Macroblocks also form the basis of motion estimation. When computing a P-frame, the encoder takes the two frames and tries to estimate a motion vector for each macroblock. If a car is moving across the screen for example, then instead of representing the car fully in each frame it can describe it as a movement; this is one of the reasons that P-frames are much smaller than I-frames. Of course this can't completely describe the delta, because motion is often more complex than a simple distance and angle of a 16x16 tile. The encoder therefore does its best to estimate motion for each macroblock, and then the resulting difference is encoded as usual. (The fact that this residual has less information entropy allows it to be encoded with fewer bits.)

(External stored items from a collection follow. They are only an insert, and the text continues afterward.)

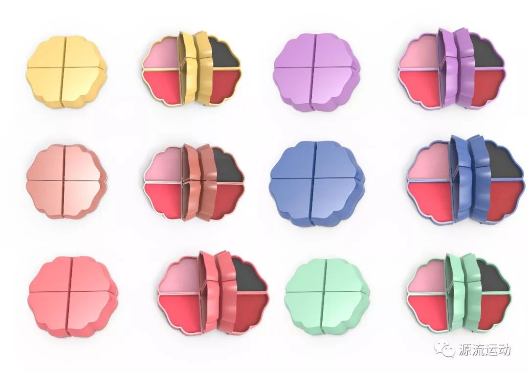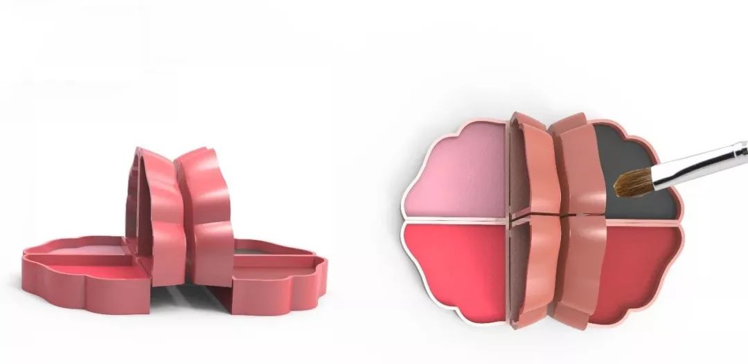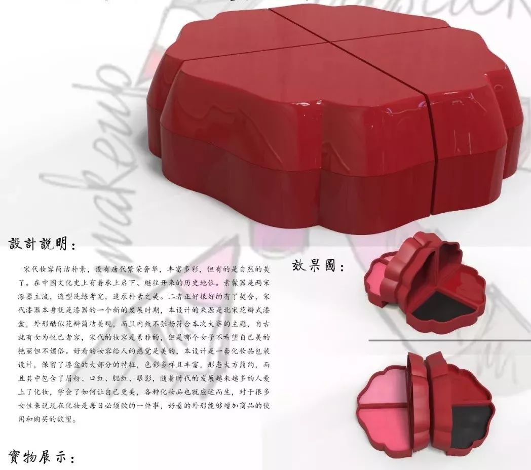 宋代妆容简洁朴素,没有唐代繁荣奢华,但有的是自然之美。素髹器是两宋漆器主流,追求朴素。本设计的来源是北宋花瓣式漆盒,外形酷似花瓣简洁美观,且内敛不张扬。内部包含眉粉、口红、腮红、眼影。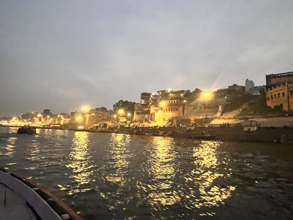 ボートから見る川岸。夕方になるとライトアップされてキレイ!近くにはごうごうと炎を焚く火葬場が。(興味なかったので行かなかった)
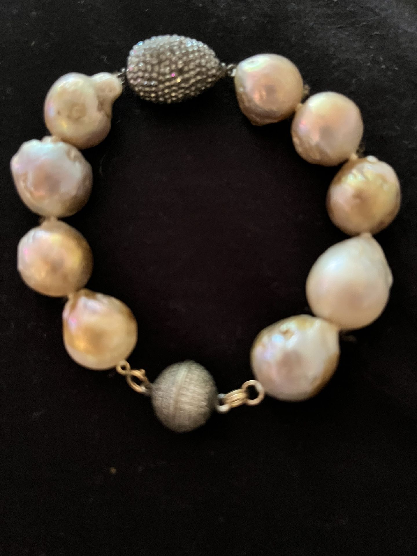 This is a gorgeous bracelet Genuine broke pearls Purchased for $650 On Worth Ave in Palm Beach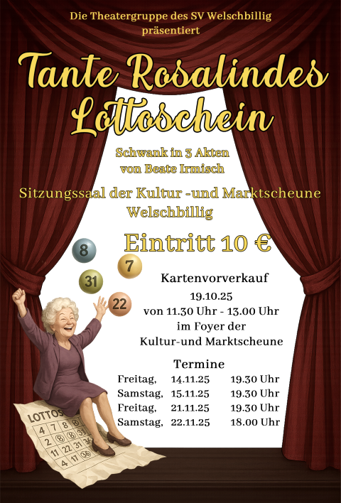 Voorverkoop: 19.10.2025 van 11.30 - 13.00 uur in de foyer van de cultuur- en marktschuur Welschbillig

So, we can now talk about why the video looks like it does. You can see the 16x16 macroblocks quite often, because with missing pieces of the file the encoder only gets part of the scene. You'll sometimes see a foreground object moving but with no background -- this is because the decoder has seen some P-frames (so it can display the parts of the frame that have changed) but it's missing the I-frame that described the frame as a whole, including the static background. Often you'll see a frame suddenly "jump" into full view with a background, which happens when the encoder gets a complete I-frame. This also explains why you'll sometimes see the foreground of the next scene overlaid on the background of the last scene, because again the I-frame that described the scene change was missing but some of the P-frames were recovered, allowing it to display the foreground objects (i.e. the non-static things in the frame) as deltas against the previous backgrounds.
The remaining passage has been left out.